Cosby juror: More accusers would not have helped panel reach a verdict
Listen 2:24A juror in the criminal trial of Bill Cosby said testimony from a second woman who said she was drugged and sexually assaulted by Cosby did not weigh heavily in the panel’s 52 hours of deliberations. Prosecutors had thought the additional accuser would have shown jurors Cosby had a pattern of behavior.
What’s more, the juror said in an interview with WHYY, had the group of seven men and five women heard from more accusers, the panel still would have deadlocked on whether alleged victim Andrea Constand’s story was truthful.
Juror Bobby Dugan, 21, said that — prior to the trial — he had known about some of Cosby’s accusers going public. But, the Pittsburgh resident said, he did not form any judgments about Cosby’s guilt or innocence.
“Two years ago, I heard something about it, but I thought it was all said and done. When I was called in, it was kind of a shock,” he said.
When Dugan listened in court to what Cosby said in a 2005 civil deposition, he was persuaded that Cosby should be convicted.

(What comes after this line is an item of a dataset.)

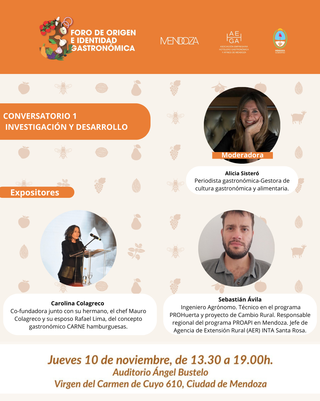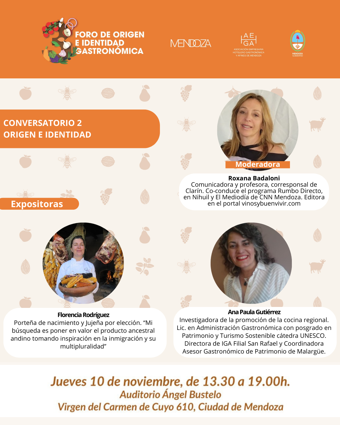 En tanto, el conversatorio de Origen e Identidad estará compuesto por la disertante Florencia Rodríguez, chef Jujeña que trabaja en la puesta en valor del producto ancestral andino, y Ana Paula Gutiérrez, chef licenciada en administración gastronómica con un posgrado en patrimonio y turismo sostenible, esta exposición es moderada por la comunicadora Roxana Badaloni.

“He was asked, ‘Would you use the word consent,’ and he said, ‘I wouldn’t use that word,'” Dugan said. “That was convincing.”

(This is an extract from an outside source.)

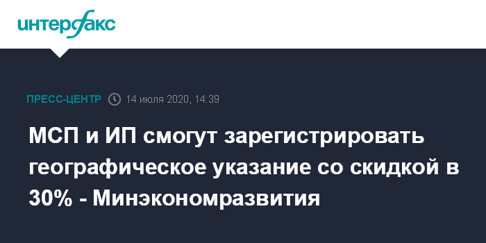 Субъекты малого предпринимательства, индивидуальные предприниматели и аккредитованные образовательные организации смогут зарегистрировать географические указания со скидкой в 30% к базовому тарифу, сообщил директор департамента стратегического развития и инноваций министерства экономического развития РФ Рустам Тихонов на онлайн пресс-конференции в "Интерфаксе", посвященной вступлению в силу закона о географических указаниях (ГУ).

In the deposition, Cosby said he went “somewhere between permission and rejection,” saying he never verbally sought consent from Constand during some of their sexual encounters.
“In my opinion, consent is a verbal agreement, and that’s the way it should be, and that’s the way it always has been. It’s a verbal agreement. If there is no verbal agreement, then there is no consent,” Dugan said.
Dugan said he pushed other jurors to convict Cosby of two of the three counts of aggravated indecent assault, which each carried the maximum possible punishment of 10 years in prison in Pennsylvania.
One count for accuser Andrea Constand’s inability to consent, another because Constand was allegedly unconscious, and a third triggered because Cosby is accused of drugging her.
And this is how Dugan believed the jury should have come down on the three counts: “Guilty for a lack of consent. Not guilty that she was unconscious, and, then, guilty for the drugging.”
In the narrative that Constand gave of her 2004 night at Cosby’s Cheltenham mansion, the count connected with her being unconscious was the flimsiest, he said. The debate among jurors about her state of awareness during the alleged assault made him believe that it was too doubtful to convict on that count.
“She woke up to being digitally penetrated but went back to sleep,” Dugan said. “I didn’t believe that a sudden jolt to the system would let her fall back to sleep right away.”
But others in the room wanted to acquit Cosby of all three counts. It was emotional, Dugan said, with four jurors crying near the end of deliberations, while another paced restlessly.
“Time went on and on. People would get more stressed, frustrated. They just wanted to go back home, see their family, go back to their normal lives. So, I’d say things got heated,” Dugan said. “But nothing too serious. It was a raised voice here, not yelling, just a raised voice, and everyone eventually calmed back down. But it was tense, to say the least.”
Discrepancy on final juror tally
He would not discuss the final vote count, and there have been conflicting reports. One juror who spoke to ABC News said that it was 10-2 in favor of convicting Cosby; another report from the Associated Press quoted a juror saying the panel was evenly split.
Before the WHYY interview, Dugan shared his views on camera with “Good Morning America.”
Dugan said it was dispiriting to leave the case unresolved after so much deliberation. The jury in Cosby’s next trial, he hopes, will decide on a unanimous verdict.
“She had a story,” Dugan said of Constand’s more than seven hours on the stand. “And she wanted to get it out there.”
Growing up, Dugan said he would sometimes catch reruns of ” The Cosby Show,” but he never harbored strong opinions about the comedian.
Prosecutors have vowed to push ahead for a second trial of the 79-year-old comedian. Cosby left the courtroom earlier this month with the first criminal charges filed against him in limbo following six days of intense juror deliberations that ended in a mistrial.
A major question ahead of the new trial is whether prosecutors will attempt to reopen the issue of bringing in additional “prior bad act” witnesses. The judge presiding over the Cosby case agreed to allow one accuser in addition to Constand, who said she was drugged and molested by Cosby in 2004.
Prosecutors had hoped to call 13 other accusers. And some court watchers have speculated that if the judge approved more than the one additional witness, perhaps a verdict would have been reached. Dugan, however, doesn’t believe that.
Dugan said the tearful testimony of Kelly Johnson — who said Cosby assaulted her in the 1990s at a Los Angeles bungalow after having swallowed a large white pill — was not pivotal to the jury. Although similar to Constand’s account, the story was unrelated to the criminal charges, and thus did not become the subject of much juror debate.
“We were there for Andrea Constand, not Kelly Johnson,” Dugan said.